# Service oil soon



## TxSoldier6.0 (Nov 4, 2008)

Just changed my oil last week this morning I start my car and " service oil soon" is blinking in my face lol what's the deal ? Is my goat dying


----------



## HP11 (Apr 11, 2009)

It just needs to be reset. Turn on the ignition (do not start) and push your accelerator three times in five seconds.


----------



## GTO JUDGE (May 14, 2005)

The owner's manual was a fantastic invention.


----------



## TxSoldier6.0 (Nov 4, 2008)

Haha who reads manuals anymore... Damn the military wore off on me we just get in and go


----------



## HP11 (Apr 11, 2009)

I thought the military was where the acronym 'RTFM' came from......


----------



## pocketmaster (Feb 26, 2010)

GTO JUDGE said:


> The owner's manual was a fantastic invention.

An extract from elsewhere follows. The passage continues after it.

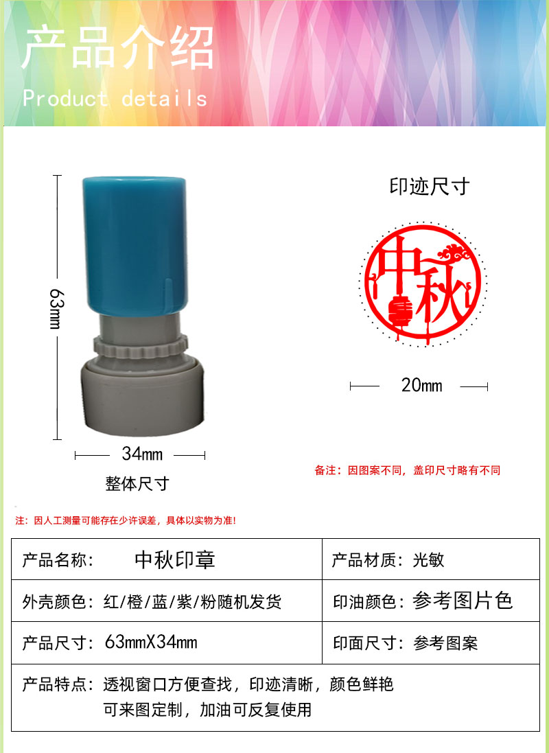 中秋国庆节活动印章卡通儿童可爱图章月饼传统节日来图定创意礼品

"The owners manual is the manufacturers OPINION as to the way it should be built"......Tim Allen


----------



## pocketmaster (Feb 26, 2010)

TxSoldier6.0 said:


> Haha who reads manuals anymore... Damn the military wore off on me we just get in and go


I was a Nuclear Weapons System Specialist in the US Air Force. If I didnt RTFM many of you wouldn't be here today....LOL


----------



## pocketmaster (Feb 26, 2010)

HP11 said:


> I thought the military was where the acronym 'RTFM' came from......


Amen to that HP!!!:cheers


----------



## jpalamar (Jul 22, 2008)

HP11 said:


> I thought the military was where the acronym 'RTFM' came from......


That was my expereince.


----------



## IcemanGTO (Mar 2, 2011)

I agree neat invention just reset it and you will be fine.
I do my oil change before the "service oil soon" light comes on.
*Cough Mobil 1 synthetic cough*


----------



## YellO5LS2 (Jan 9, 2011)

GTO JUDGE said:


> The owner's manual was a fantastic invention.


:lol::agree

Hey man don't feel bad, I had the same thing happen in my car a week after I got it. Oil was changed and I didn't know there was a reminder light.


----------